ニュース

1968年オープン「西新井駅らーめん」消えゆく。全国の「ホーム上の駅ラーメン・そば」存続は難しいのか?

西新井らーめん

西新井「駅ホームのラーメン屋さん」消えゆく

 電車に乗る前に、駅ホームでサッとラーメンを1杯。東武の駅ナカグルメの象徴であった「西新井らーめん」が3月末をもって閉店する。

 1968年(昭和43年)に開業した「西新井らーめん」は、東武スカイツリーライン(伊勢崎線)の3・4番線ホーム上で、変わらずラーメンを提供し続けてきた。こういったホーム上の立ち食い店舗がそばを提供するなか、なぜか西新井駅では、醤油ラーメンを提供し続けてきたのだ。

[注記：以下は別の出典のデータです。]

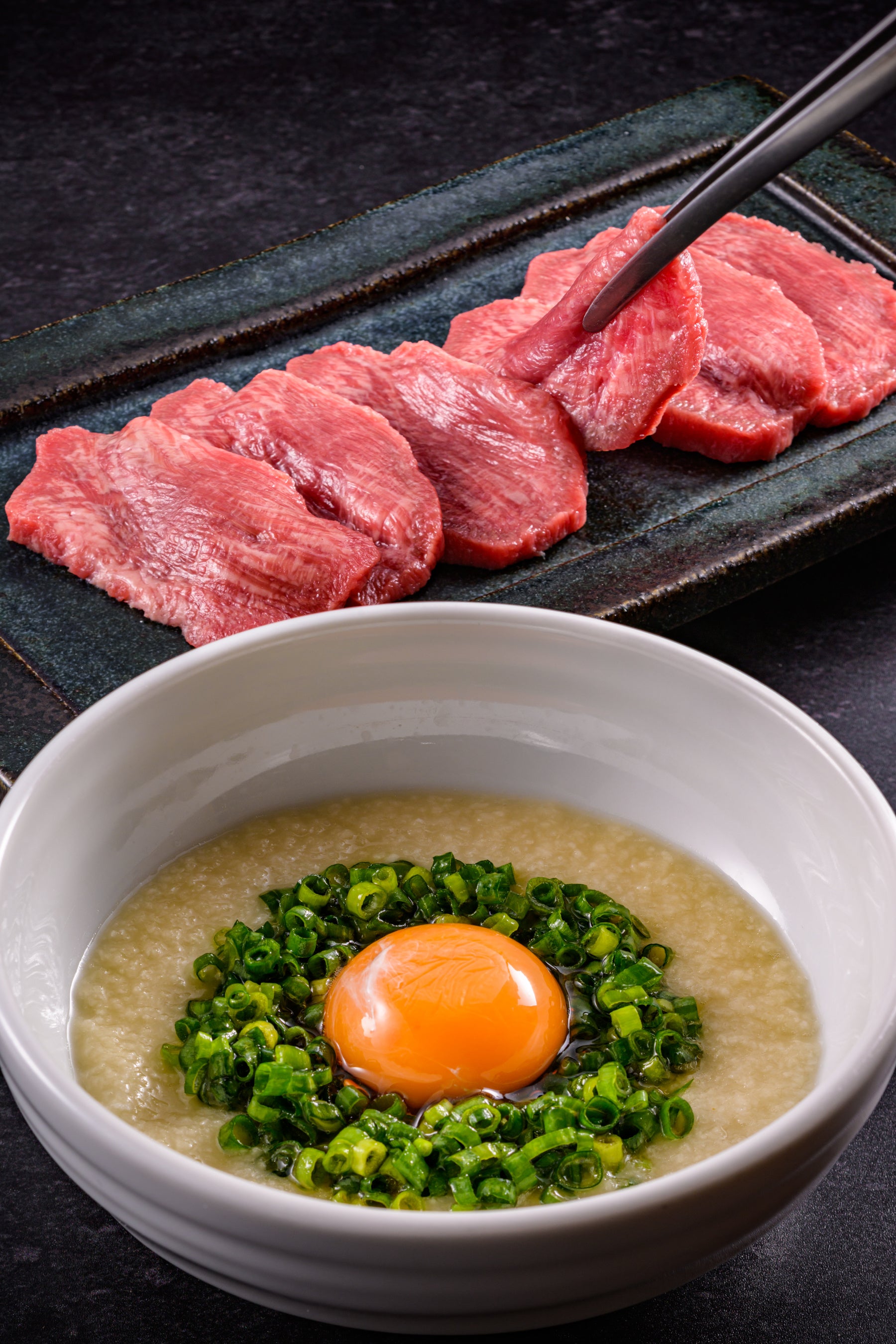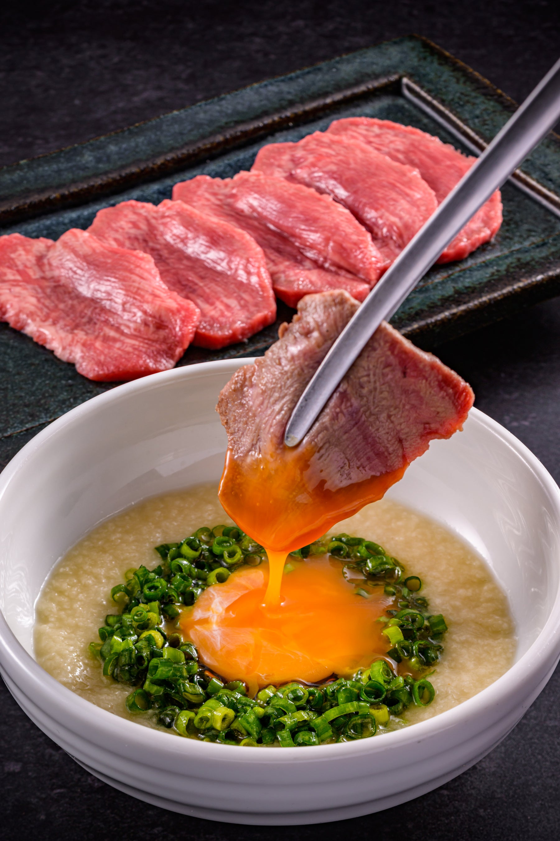 さらに、焼肉店では珍しい、牛タンをとろろに絡めて食べる『“和風出汁香る”月見ネギとろろタン』や赤身の濃厚さや和牛の脂の旨味を堪能でき、ロースターに大きく広がる大判肉『A5和牛カルビの月見焼きすき』合計7品が登場。

 西新井駅はいまも3万人以上の乗降客で、朝晩・日中を問わずにぎわっている。にもかかわらず、西新井駅らーめんは、なぜ閉業しなくてはいけないのか? まずは、半世紀以上も続いた一杯の醤油ラーメンを味わったうえで、「ホーム上の駅そば・駅ラーメン店」の今後を考えていこう。

ストレート麺に、シンプルな醤油スープが合う!

西新井らーめん。間違って食券を買った玉子もつけてもらった
ストレートの麺をリフト

 何十年も通い続ける常連客の方によると、その味はいまも変わらないという。やや黄色みのある中太のストレート麺と、しっかり出汁がきいた醤油ベースのスープの相性は抜群によく、長年食べていても飽きることがないそうだ。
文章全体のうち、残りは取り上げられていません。